Thank you Greg for your support of the Lunar Tidal explanation!
If you are still interested, please read:
Long-Term Lunar Atmospheric Tides in the Southern Hemisphere
Ian R. G. Wilson and Nikolay S. Sidorenkov
The Open Atmospheric Science Journal, 2013, 7, 29-54
http://www.benthamscience.com/open/toascj/articles/V007/TOASCJ130415001.pdf
Greg Goodman,
PDS of trade winds: from chirp analysis of autocorrelation fn:
http://climategrog.wordpress.com/?attachment_id=281
Note that the peak at 7.462 year = (22.386 / 3) years
“Note that the peak at 7.462 year = (22.386 / 3) years”
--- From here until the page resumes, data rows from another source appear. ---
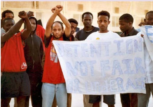
Détention (Malte, HAL FAR, centre de détention de migrants)

« Migrant Voice » est une organisation gérée par des migrants dans le but de les rassembler autour d'une stratégie commune pour renforcer leur influence, leur participation et leur représentation dans les médias et dans la sphère politique. Ils pourront ainsi rencontrer leurs besoins et participer pleinement à la société. Pour de plus amples informations, veuillez contacter: info@migrantvoice.org ou consulter le site : www.migrantvoice.org
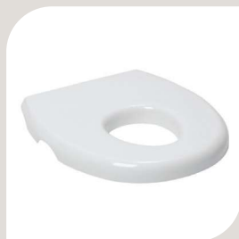
HUL FORMINDSKER – extra lille. VARENR. B-10 050 B. 140 mm L. 163 mm
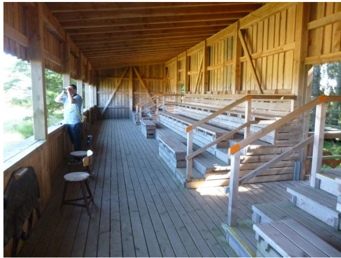
Rothirschaussichtsempore im Nationalpark Eifel
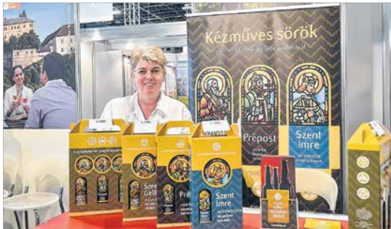
A sörtket meg lehetett kóstolni

a park nyitórendezvényét, a tavasz-köszöntő Floraliát hirdető plakátra. A fehérvári kiállítóhelyen mindenkit történelmi időutazásra hívtak, mely kétezer évet ölelt fel. Az ókort Gorsium képviselte, ami az idei esztendő legnagyobb idegenforgalmi újdonságát is jelenti. A látogatóközpont, az újjáépített erődfalszakasz, szolgáltatások és rendezvények teszik még vonzóbbá a régészeti parkot. Az ókor után

Ah, I have seen this one come up in a number of spectra , I have never been able to understand where it came from. That is worth considering.
That is interesting. I’m probably too used to looking for even harmonics. Dependant on the magnitudes, 1st+2nd+3rd, could reflect a ramp or sawtooth, probably an exponential decay too. Odd only harmonics can produce an even triangular form.
A word of caution: if you take the full set of possible combinations, just restricting it two bodies you have a pretty full set of numbers. Then if you add in all odd and even harmonics and subharmincs you have enough numbers to start a new arithmetic system.
UN 172.688147785753 55.7803996866069
JN 12.7825513249407 11.0658269913118
SN 35.8731500775881 24.9920895752896
JS 19.8587480110924 8.45706696610071
JU 13.8043643320595 10.3994330961582
SU 45.2791575917216 21.8324184332597
VE 1.59868506535693 0.380877791467258
EM 2.13533151680291 0.652874201610664
The danger is that there will always be one which is “quite close”. What range of number would NOT fit into that kind of scheme ?
This is where the danger of falling into meaningless numerology creeps in. Some fairly strict self discipline needs to be applied.
Having said that, I think the 4,43 looks convincing . All the 3.x and 5.x pairs seem pretty solidly either side of 4,43. and it hardly moves. The 2,45 seems pretty well rooted as well.
Greg, indeed Dickey & Keppenne (1997) revealed more in their graphs than what they wrote about in the text. Serious climate enthusiasts can learn more from that one paper (if they’re careful to read between the lines) than they can learn from the entire collection of climate blog articles that presently exist.
Let’s at least be careful to not have misunderstandings. Misunderstandings are a waste of time.
i) Above you’ve made some generalizations about wavelets that actually aren’t true. Wavelet extent is an adjustable parameter. You suggest it must be narrow — this is not true. It can be set as narrow or as wide (including temporally-global) as one wants. The full range should be explored. Essential: Take due care to distinguish between resolution, grain, extent, & span.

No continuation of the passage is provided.